Saving baby Nora
Chapter 1 A birth, then a crisis
The first day of Nora’s life risked being her last. “She might not make it tonight. Prepare yourself,” hospital staff told her shocked parents, Aleasha Shorts and Shane Evelyn.
Nora turned blue just minutes after she was born on Nov. 3, 2016.
At first, staff at the hospital in Hamilton, Ont., didn’t know what was wrong, then realized it was Nora’s heart. But Aleasha could barely take it in. She had just given birth to twins and was more worried about Nora’s brother, Koa. He weighed only four pounds, four ounces.

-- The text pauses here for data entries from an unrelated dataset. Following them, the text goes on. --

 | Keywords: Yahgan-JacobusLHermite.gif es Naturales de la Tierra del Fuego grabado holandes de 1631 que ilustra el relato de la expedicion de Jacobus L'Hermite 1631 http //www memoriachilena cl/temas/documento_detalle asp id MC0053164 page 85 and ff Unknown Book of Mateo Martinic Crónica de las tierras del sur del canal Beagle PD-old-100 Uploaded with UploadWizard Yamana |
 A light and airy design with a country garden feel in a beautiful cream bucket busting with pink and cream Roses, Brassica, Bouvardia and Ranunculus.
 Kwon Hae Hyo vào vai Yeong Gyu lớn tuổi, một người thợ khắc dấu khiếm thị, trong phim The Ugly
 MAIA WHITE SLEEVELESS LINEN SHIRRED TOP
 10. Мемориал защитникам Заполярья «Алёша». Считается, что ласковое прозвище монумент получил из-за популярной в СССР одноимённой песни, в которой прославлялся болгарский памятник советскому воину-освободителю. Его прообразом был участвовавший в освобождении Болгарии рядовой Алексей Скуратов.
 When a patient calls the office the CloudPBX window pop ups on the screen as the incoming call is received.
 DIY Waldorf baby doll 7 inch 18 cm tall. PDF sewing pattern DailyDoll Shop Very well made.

She does remember a hospital cardiologist, who was herself pregnant, leaning close to say: “I’m just talking to you as a mom right now. If this was my daughter, I’d take her to Sick Kids now. We cannot handle her here.”
Paramedics fought to keep Nora alive as they rushed her by ambulance to Toronto’s Hospital for Sick Children.

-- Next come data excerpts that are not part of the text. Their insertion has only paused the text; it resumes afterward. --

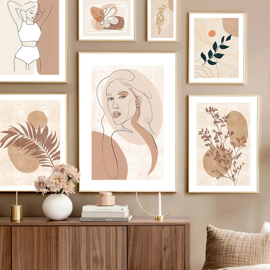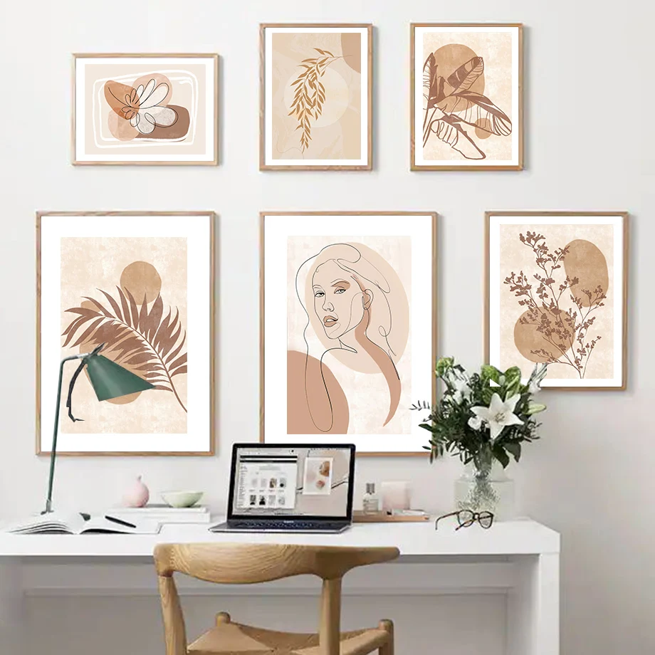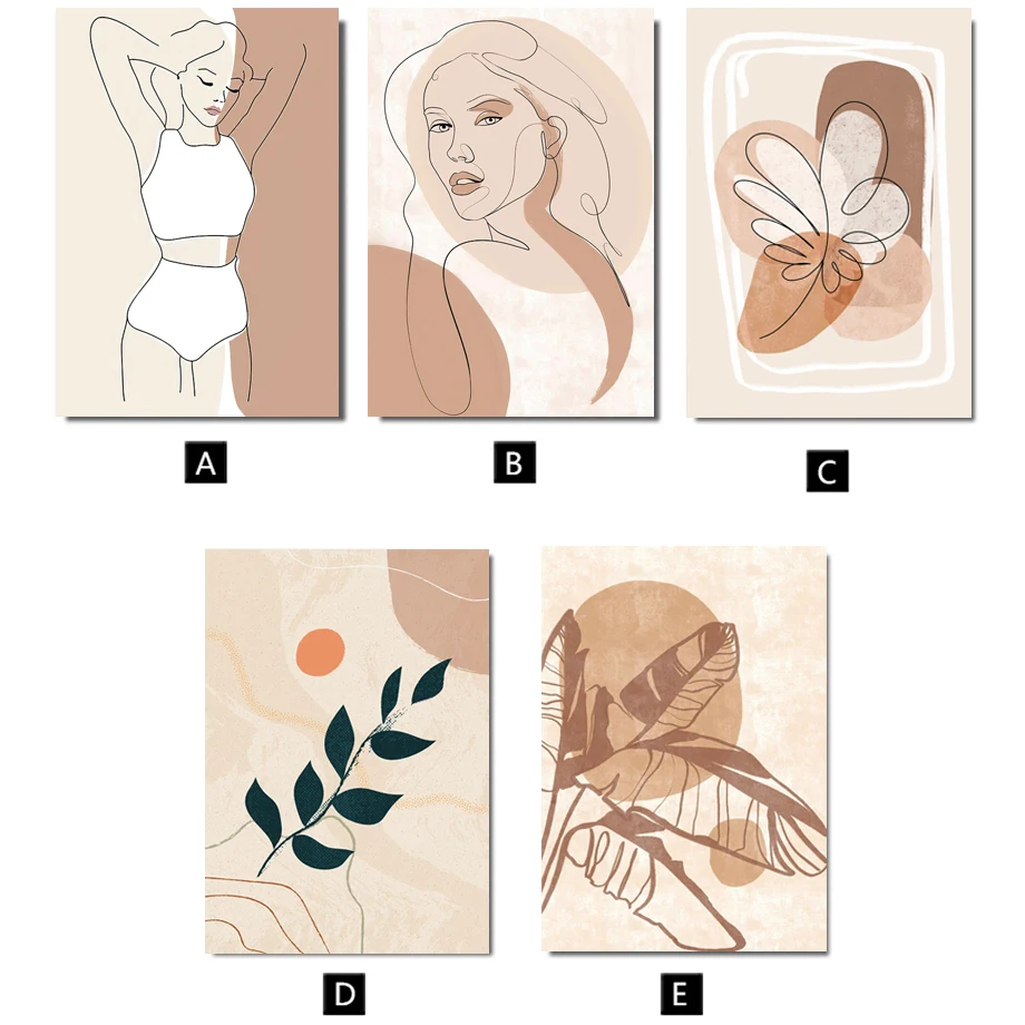 Абстрактные богемные линии солнце растение девочка ваза скандинавск...
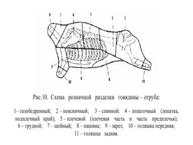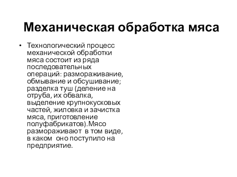 операций: размораживание, обмывание и обсушивание; разделка туш (деление на отруба, их обвалка, выделение крупнокусковых частей, жиловка и зачистка мяса, приготовление полуфабрикатов).Мясо размораживают в том виде, в каком оно поступило на предприятие.
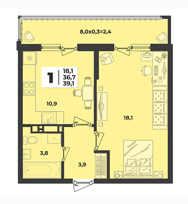 Купить 1 комнатную квартиру 39 м2 9/9 ЖК Лето.
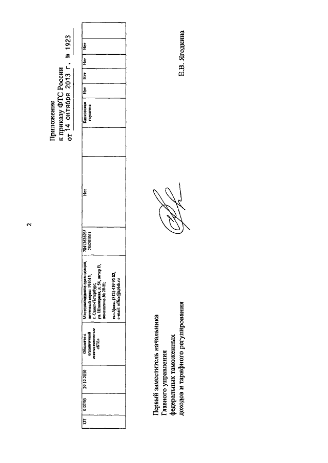 ПРИКАЗ ФТС РФ от 14.10.2013 N 1923
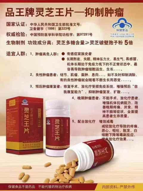 灵芝王片是国家卫生部批准的正规保健食品,易吸收、功效成分高于灵芝孢子粉5倍以上长期服用可增强机体免疫力,预防各类疾病发生。因为免疫功能低下是万病之源!
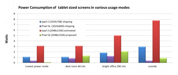 Pixel Qi เผยข้อมูลให้เราตกใจกันเล่นอีกแล้ว กับหน่าจอที่พวกเขากำลังสร้างขึ้นมาใหม่ ด้วยความละเอียด 1048×1536 ที่เขาอ้างว่าดีกว่า และประหยัดแบตเตอรี่กว่า iPad รุ่นใหม่ ถึง 100 เท่า (ตามรูป)

Aleasha stayed behind with Koa till the next day. He was fine, but she clung to him. She would refuse to let him out of her sight for the months that followed, too.
Finally she saw her baby girl, hooked up to a heart and lung machine, surrounded by tubes and wires. The sight took Aleasha’s breath away.
Chapter 2 Touch and go
For the next several days, doctors and nurses tried repeatedly to wean Nora off the machine. “But her heart wasn’t kicking in,” says Aleasha. Over and over, medical staff told her and Shane to prepare themselves: their daughter might not make it, her heart was so damaged.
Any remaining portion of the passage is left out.